[[ Given information, beginning ]]
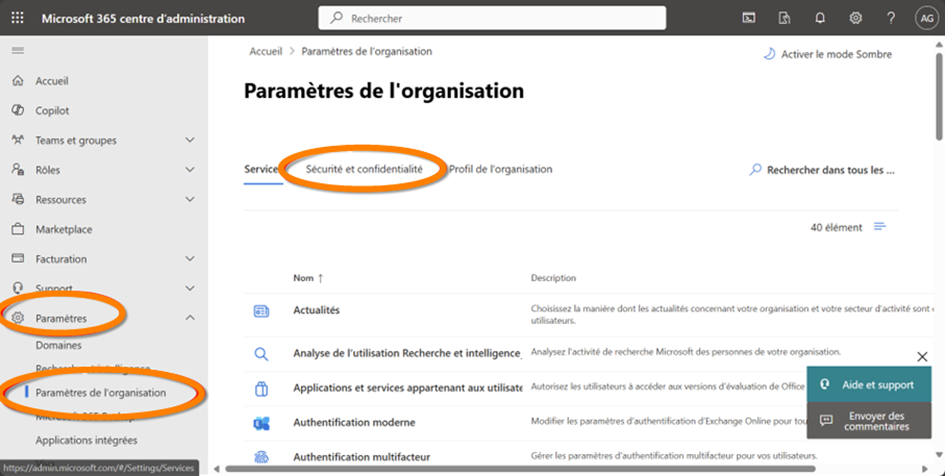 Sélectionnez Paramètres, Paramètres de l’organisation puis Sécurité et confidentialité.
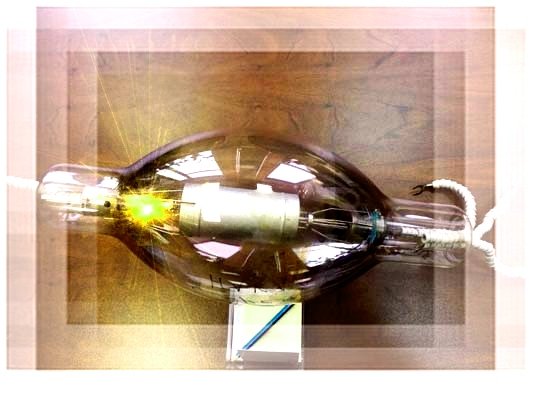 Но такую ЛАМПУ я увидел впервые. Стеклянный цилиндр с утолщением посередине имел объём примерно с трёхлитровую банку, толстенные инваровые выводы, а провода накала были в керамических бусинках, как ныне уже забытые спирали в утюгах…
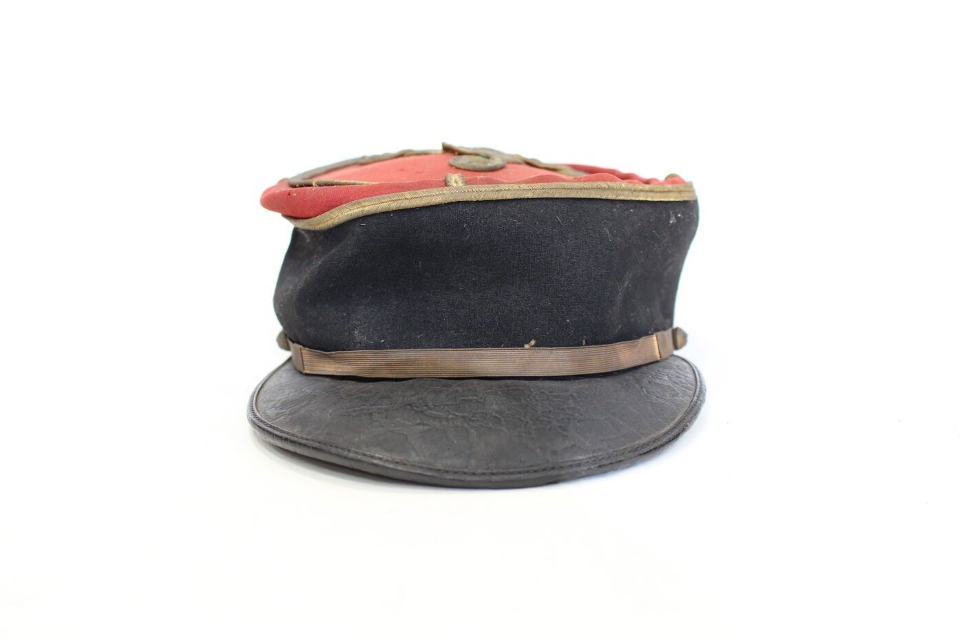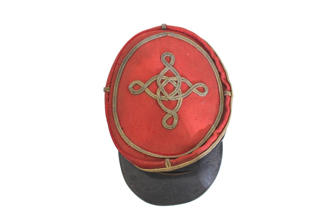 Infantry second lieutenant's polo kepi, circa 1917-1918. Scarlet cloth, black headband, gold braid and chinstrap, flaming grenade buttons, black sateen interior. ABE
[[ Given information, end ]]
▸ **Problem to work on**: Copy the material exactly as written and leave every picture behind.

▸ **Result of this exercise**:
 Sélectionnez Paramètres, Paramètres de l’organisation puis Sécurité et confidentialité.
 Но такую ЛАМПУ я увидел впервые. Стеклянный цилиндр с утолщением посередине имел объём примерно с трёхлитровую банку, толстенные инваровые выводы, а провода накала были в керамических бусинках, как ныне уже забытые спирали в утюгах…
 Infantry second lieutenant's polo kepi, circa 1917-1918. Scarlet cloth, black headband, gold braid and chinstrap, flaming grenade buttons, black sateen interior. ABE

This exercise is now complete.